- Shady Grove Location within Oklahoma Shady Grove Location within the United States
- Coordinates: 35°27′59″N 95°24′29″W﻿ / ﻿35.46639°N 95.40806°W
- Country: United States
- State: Oklahoma
- County: McIntosh

Area
- • Total: 17.03 sq mi (44.1 km^{2})
- • Land: 16.98 sq mi (44.0 km^{2})
- • Water: 0.05 sq mi (0.13 km^{2})
- Elevation: 709 ft (216 m)

Population (2020)
- • Total: 487
- • Density: 28.7/sq mi (11.1/km^{2})
- Time zone: UTC-6 (Central (CST))
- • Summer (DST): UTC-5 (CST)
- ZIP Code: 74426 (Checotah)
- FIPS code: 40-66520
- GNIS feature ID: 2408718

= Shady Grove, McIntosh County, Oklahoma =

Shady Grove is an unincorporated community and census-designated place (CDP) in McIntosh County, Oklahoma, United States. The population was 487 at the 2020 census, up from 199 in 2010. This is not to be confused with Shady Grove in Cherokee County, or the Shady Grove in Pawnee County.

==Geography==
The town is on Interstate 40 and U.S. Route 266, 7 mi east of Checotah and 5 mi west of Warner. It is bordered to the south by the Duchess Landing CDP.

Lake Eufaula, Oklahoma's largest lake, is 7 mi to the south.

According to the U.S. Census Bureau, the Shady Grove CDP has a total area of 17.0 sqmi, of which -0.05 sqmi, or 0.29%, are water.

==Demographics==
At the 2000 census, there were 185 people, 73 households, and 58 families residing in the CDP. The population density was 23.1 per square mile (8.9/km^{2}). There were 81 housing units at an average density of 10.1/sq mi (3.9/km^{2}). The racial makeup of the CDP was 68.65% White, 20.00% Native American, 0.54% Asian, and 10.81% from two or more races. Hispanic or Latino of any race were 0.54% of the population.

There were 73 households, of which 30.1% had children under the age of 18 living with them, 74.0% were married couples living together, 2.7% had a female householder with no husband present, and 20.5% were non-families. 20.5% of all households were made up of individuals, and 11.0% had someone living alone who was 65 years of age or older. The average household size was 2.53 and the average family size was 2.91.

The age distribution was 22.2% under the age of 18, 4.9% from 18 to 24, 25.4% from 25 to 44, 34.1% from 45 to 64, and 13.5% who were 65 years of age or older. The median age was 43 years. For every 100 females, there were 110.2 males.

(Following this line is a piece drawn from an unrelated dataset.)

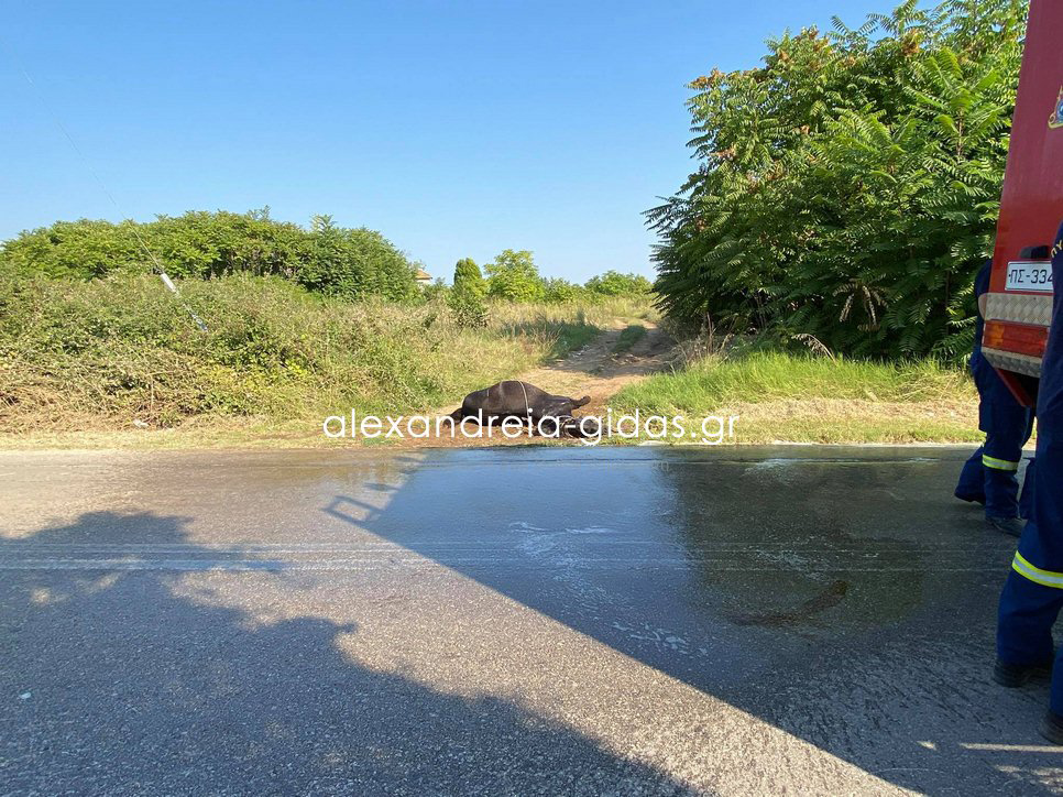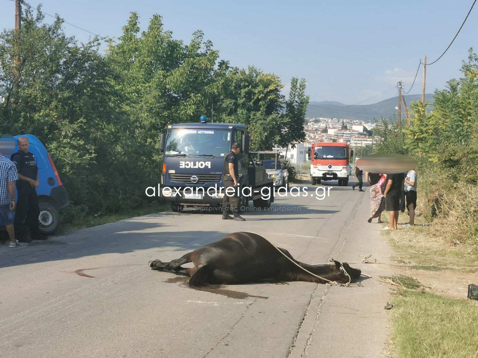 Το νεκρό άλογο περισυλλέχθηκε στη συνέχεια από την Κτηνιατρική Υπηρεσία της Αντιπεριφέρειας Ημαθίας.

For every 100 females age 18 and over, there were 111.8 males.

The median household income was $53,125, and the median family income was $62,656. Males had a median income of $23,125 versus $22,734 for females. The per capita income for the CDP was $18,820. About 11.5% of families and 5.4% of the population were below the poverty line, including none of those under the age of eighteen or sixty five or over.

==Notable people==
Musician Jody Reynolds grew up in the community.